╔══

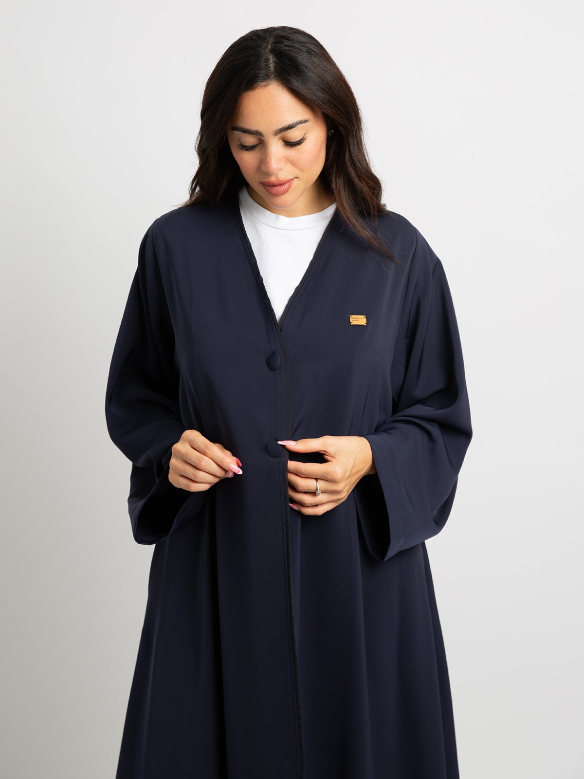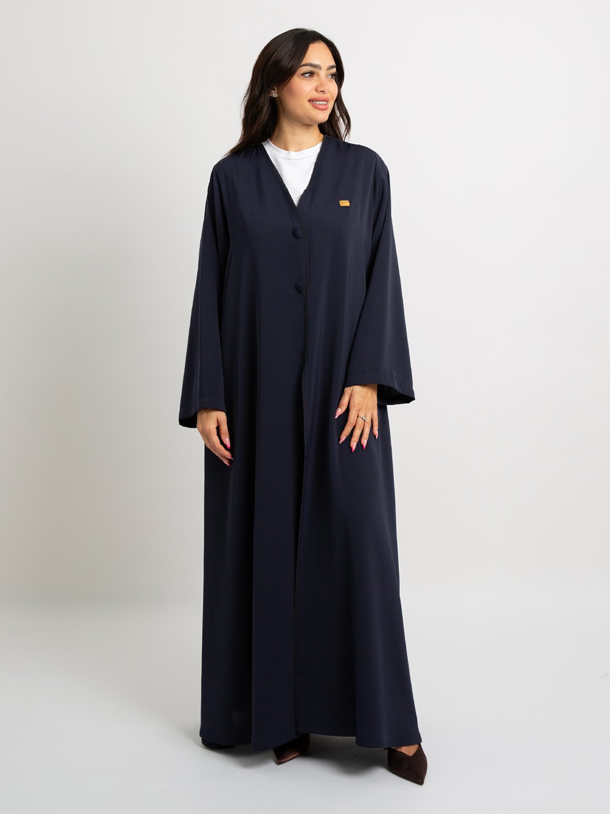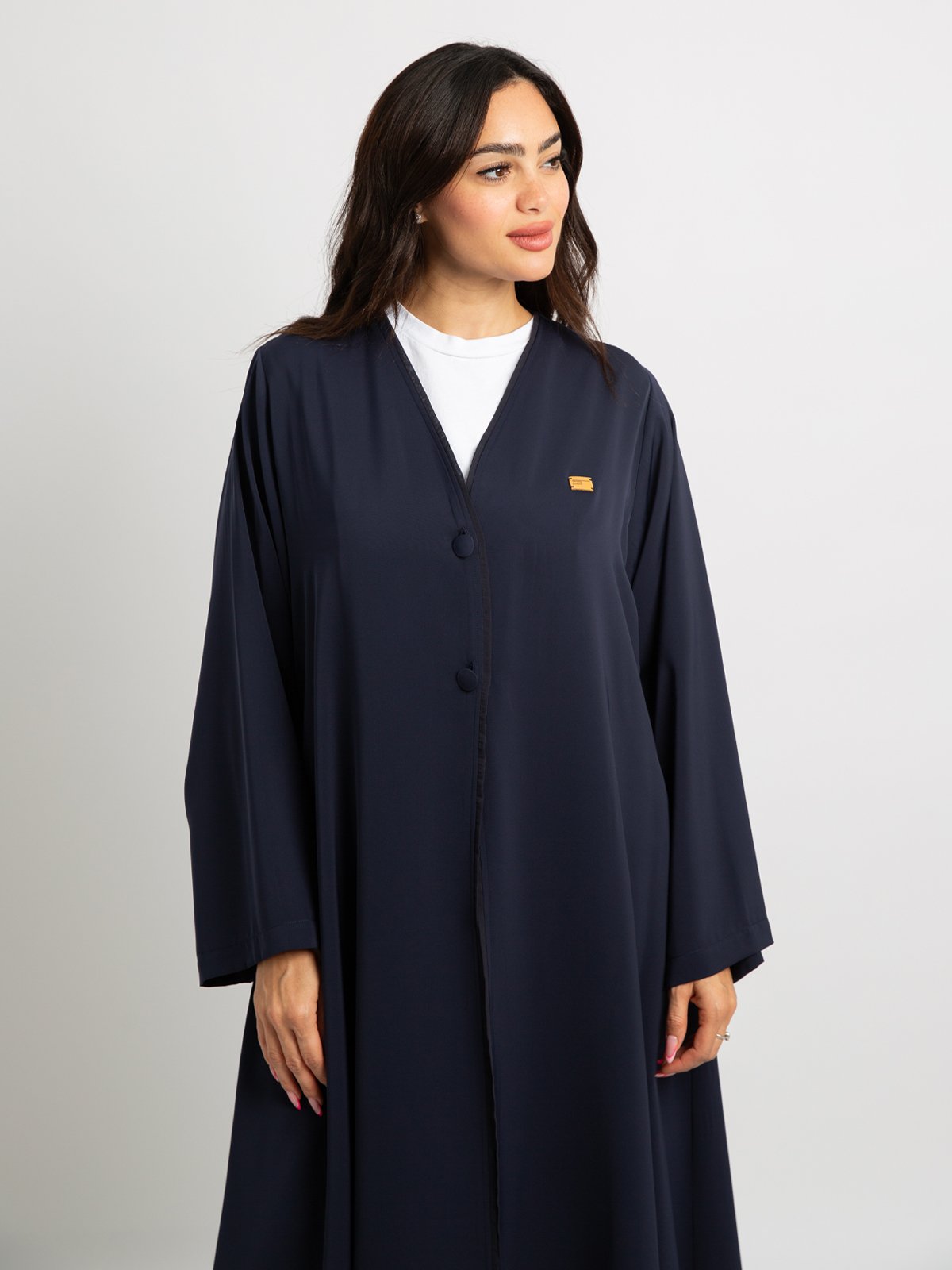 عباية رسمية مقفلة من Abaya House!عباية كريب نص كلوش رسمية مصنوعة من قماش كريب عالي الجودة، بجيوب جانبية وأزرار أمامية؛ تمنحك إطلالة راقية ومميزة!لون العباية:كحلي.تتميز هذه العباية بـ:قماش كريب عالي الجودة.أكمام عادية.زران أماميان.جيبان جانبيان.شريطة على خط الأمام بدرجة لون مختلفة.مصممة لتكون أقصر بـ ٢ إنش عن المعتاد، لتمنحك مظهر حيوي وجذاب.قصة A، يمكنك تنسيقها بسهولة.عباية مرتبة وأنيقة، ارتديها في اجتماعات العمل والمناسبات الرسمية.تأتي العباية مع حجاب / طرحه بلونين متناسقين.مقاس الطرحة:٢٠٠ × ٥٥
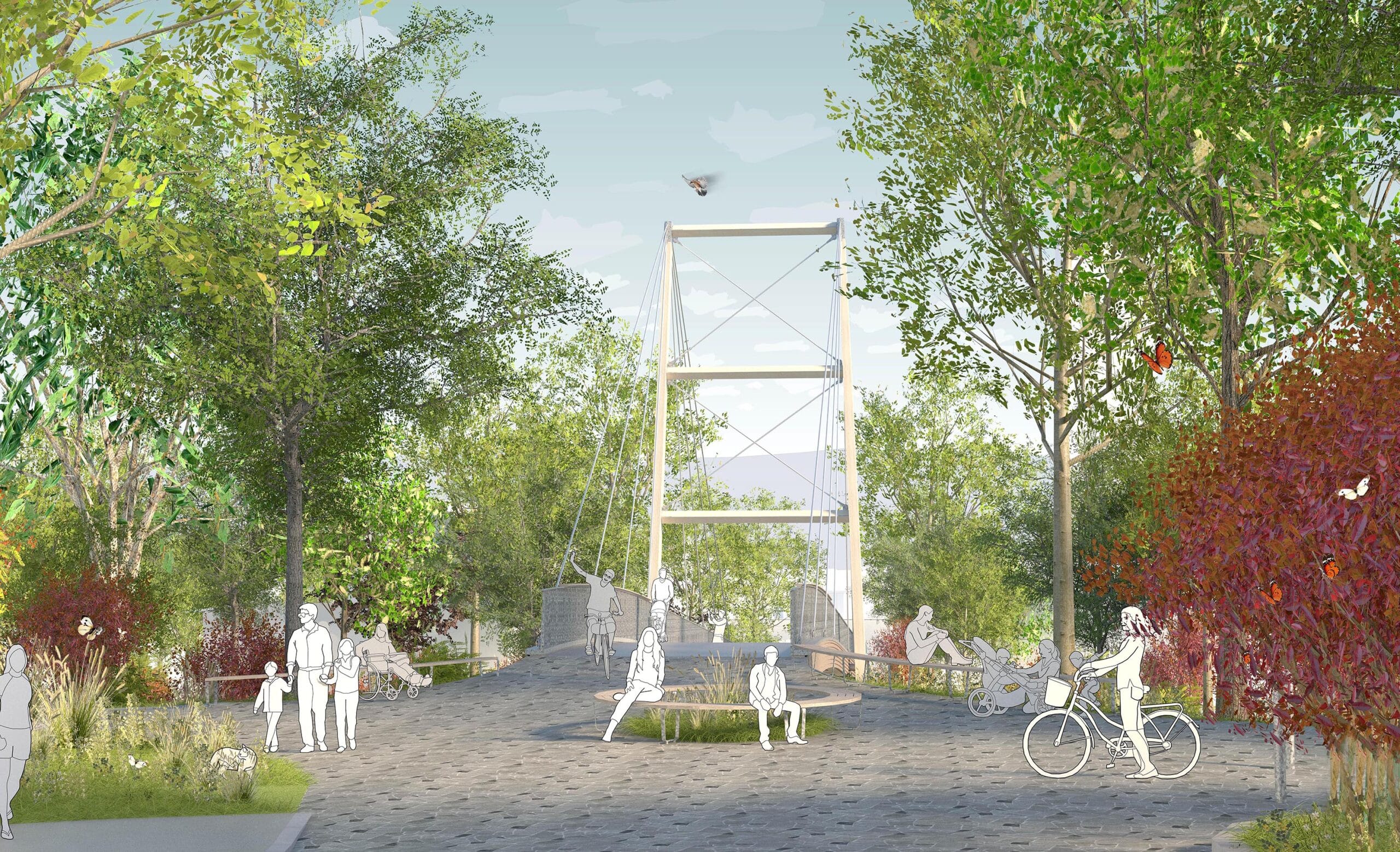 Am Auftakt des Stegs entsteht ein Quartiersplatz, der als nachbarschaftlicher Treffpunkt und zentraler Knotenpunkt für den Langsamverkehr dient. Mit Sitzbänken, einem Wasserelement und großzügigen Baumpflanzungen wird der Platz zu einem Ort des Austauschs, der Entspannung und der Begegnung für alle Generationen.
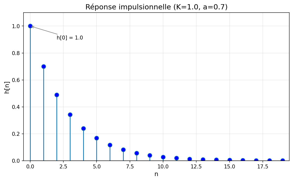 Pour un pôle positif, la réponse impulsionnelle décroît de manière monotone vers zéro :
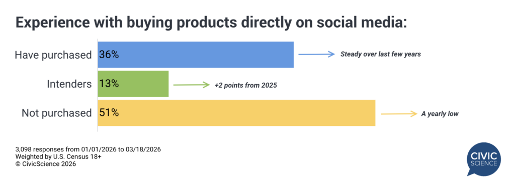 Key Finding: More than one-third (36%) of U.S. adults now say they’ve purchased an item directly through social media, while another 13% haven’t yet, but plan to. While adoption appears to be stabilizing, intent is at an annual high and continues to grow, signaling that there’s still an untapped market.
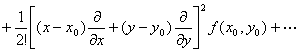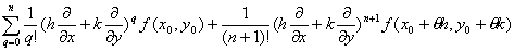 [泰勒公式]  假定在某一点(x0,y0)的邻域D内二元函数f(x,y)有直到n+1阶为止的一切连续偏导数.分别给xy以改变量hk,使连结点(x0,y0)(x0+h,y0+k)的直线段不越出D,那末f (x,y)D内可表成形式:
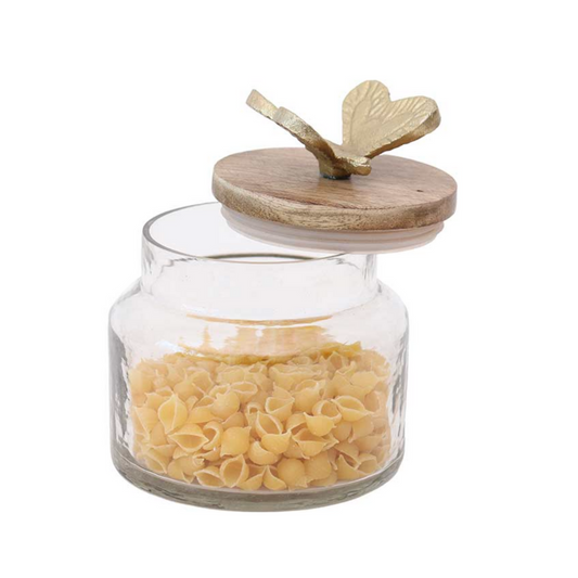 Barattolo in vetro con tappo in legno e farfalla - Tre Misure
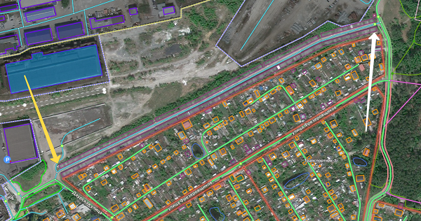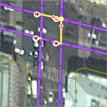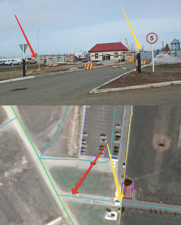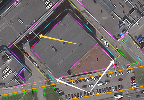 maneuvers at the locations of the barriers in both directions. Only consider class 1-8 roads when determining whether an area is restricted for motor vehicles.For example, in the picture below, there's a garage cooperative with an entrance on one side restricted by a boom gate (white arrow) and open on the other side (yellow arrow). Set two opposing
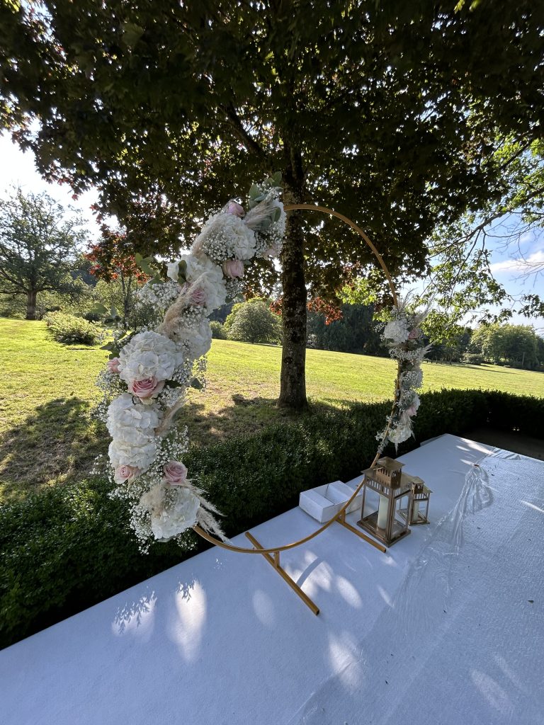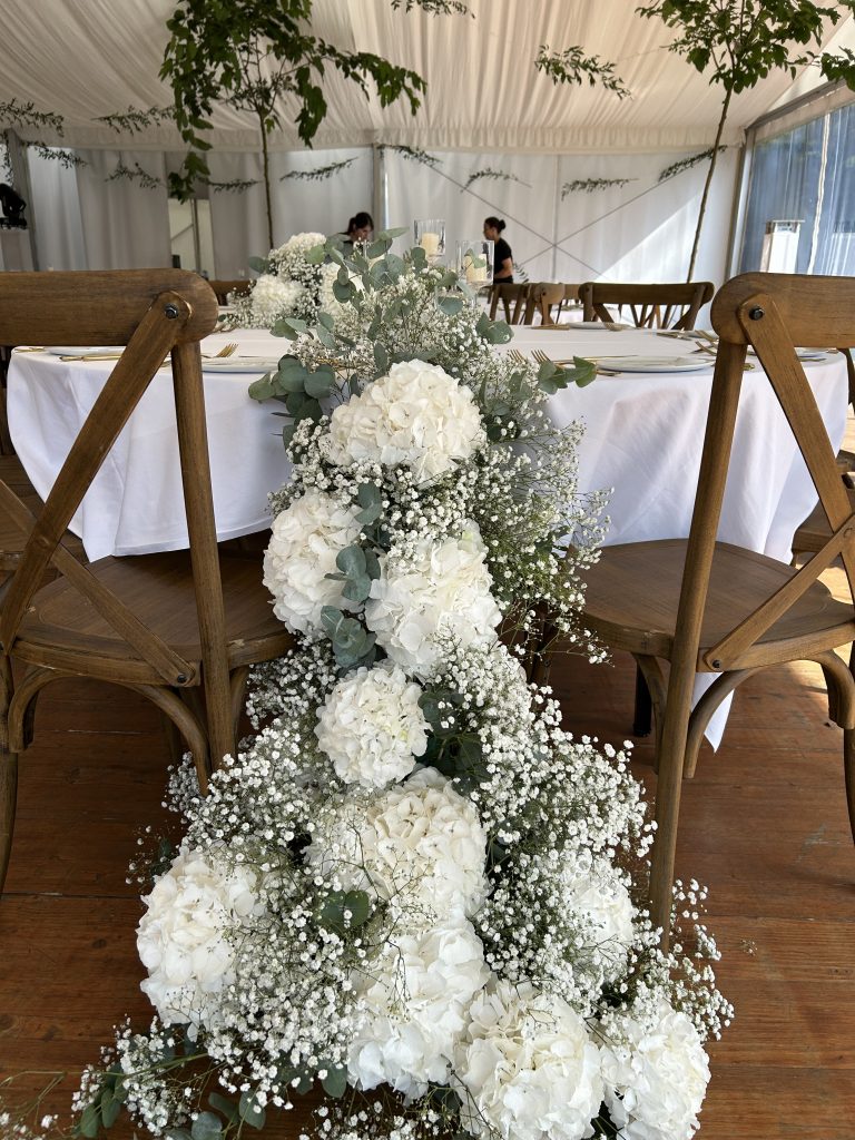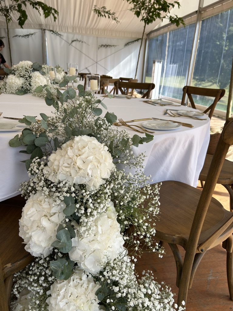 Une douce cascade florale aux teintes blanches se déploie avec grâce. Les hortensias, généreux et lumineux, s’unissent à la légèreté du gypsophile pour créé un décor aérien et raffiné pour votre mariage .
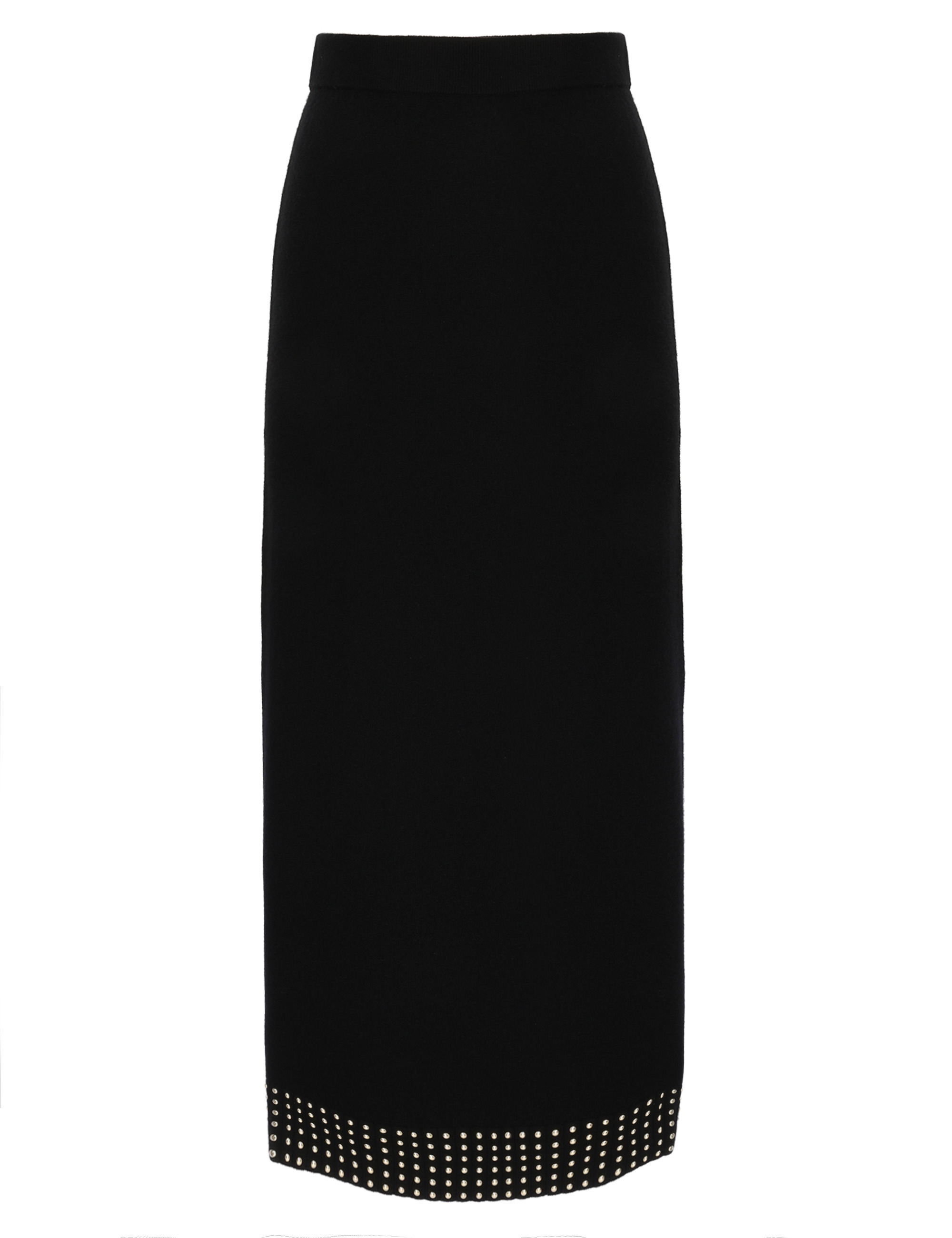 ITEM DETAILS The Rebellion Embellished Skirt in Black from our Cruise 2026 Collection, Twisted Romance. A merino wool midi-length skirt featuring a ribbed, elasticated waistband and gold-studded embellishments along the hem. - Wool-cashmere blend - Mid-rise fit - Ribbed, elasticated waistband - Gold stud embellishments on ribbed hem - Slip on style Style Code: 7226SC261 SIZE DETAILS 0P 0 1 2 3 4 Length 30.5 34 34 34 34 34 Waist 23.5 25 27 29 30.5 33 Hip 30.5 32.5 34.5 37 38.5 41 Designed with an elasticated waist for a flexible fit This garment fits true to size Available in size 0P, suited to clients who are under 5'3"/ 160cm Model is 5'9.5"/178 cm, bust size 32C/10C and wears a size 0 Item measurements are in inches CARE INSTRUCTIONS 90% merino wool, 10% cashmere Dry clean only code f (hydrocarbon only) Remove any detachable trims prior to dry cleaning Cover to protect trim Iron in low temperature with protective cloth Do not spot clean Store garment flat do not hang Always check the label or care card for specific care instructions.
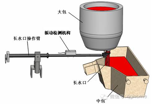在大包長(zhǎng)套管的安裝上,人為控制套管的傾斜角度,以向沖擊區(qū)外墻的反方向傾斜5-10°為參考,可將沖擊區(qū)區(qū)域的流場(chǎng)漩渦移至中間包中部區(qū)域,避免侵蝕。
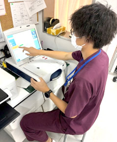 また、穿刺が難しい症例に対しては、エコーを用いた穿刺にも対応しています。透析業務は腎不全等に対して行う治療で当院ではOn-lineHDF、HD、I-HDF、ECUMといった治療を医師、看護師等と連携して行っています。
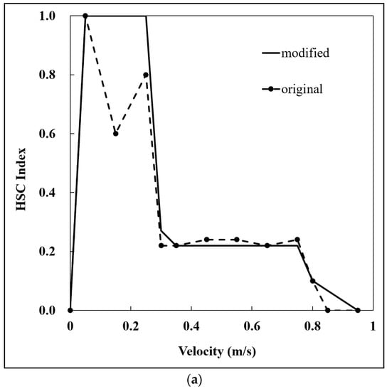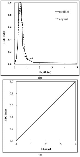 Habitat Suitability Criteria (HSC) versus each of the flow velocity, water depth, and channel substrate indices for P. esocinus used in this study are shown in Figure 8. The peak HSC value for flow velocity was set in excess of usual HSC in consideration of burst swimming speed of P. esocinusas shown in Figure 8a. The HSC for the water depth was also set at the maximum possible value because P. esocinus could swim at a considerable water depth (Figure 8b). P. esocinus is calculated by applying the HSC for the channel index of 1.0 as it mainly inhabits the gravel layer.

╚══

■ **EXERCISE INSTRUCTIONS**
From the material above, output only the span of lines that starts at the one containing "Une douce cascade" and finishes at the one containing "また、穿刺が難しい症例に対し", word for word and free of pictures.

■ **ANSWER BOX**
 Une douce cascade florale aux teintes blanches se déploie avec grâce. Les hortensias, généreux et lumineux, s’unissent à la légèreté du gypsophile pour créé un décor aérien et raffiné pour votre mariage .
 ITEM DETAILS The Rebellion Embellished Skirt in Black from our Cruise 2026 Collection, Twisted Romance. A merino wool midi-length skirt featuring a ribbed, elasticated waistband and gold-studded embellishments along the hem. - Wool-cashmere blend - Mid-rise fit - Ribbed, elasticated waistband - Gold stud embellishments on ribbed hem - Slip on style Style Code: 7226SC261 SIZE DETAILS 0P 0 1 2 3 4 Length 30.5 34 34 34 34 34 Waist 23.5 25 27 29 30.5 33 Hip 30.5 32.5 34.5 37 38.5 41 Designed with an elasticated waist for a flexible fit This garment fits true to size Available in size 0P, suited to clients who are under 5'3"/ 160cm Model is 5'9.5"/178 cm, bust size 32C/10C and wears a size 0 Item measurements are in inches CARE INSTRUCTIONS 90% merino wool, 10% cashmere Dry clean only code f (hydrocarbon only) Remove any detachable trims prior to dry cleaning Cover to protect trim Iron in low temperature with protective cloth Do not spot clean Store garment flat do not hang Always check the label or care card for specific care instructions.
在大包長(zhǎng)套管的安裝上,人為控制套管的傾斜角度,以向沖擊區(qū)外墻的反方向傾斜5-10°為參考,可將沖擊區(qū)區(qū)域的流場(chǎng)漩渦移至中間包中部區(qū)域,避免侵蝕。
 また、穿刺が難しい症例に対しては、エコーを用いた穿刺にも対応しています。透析業務は腎不全等に対して行う治療で当院ではOn-lineHDF、HD、I-HDF、ECUMといった治療を医師、看護師等と連携して行っています。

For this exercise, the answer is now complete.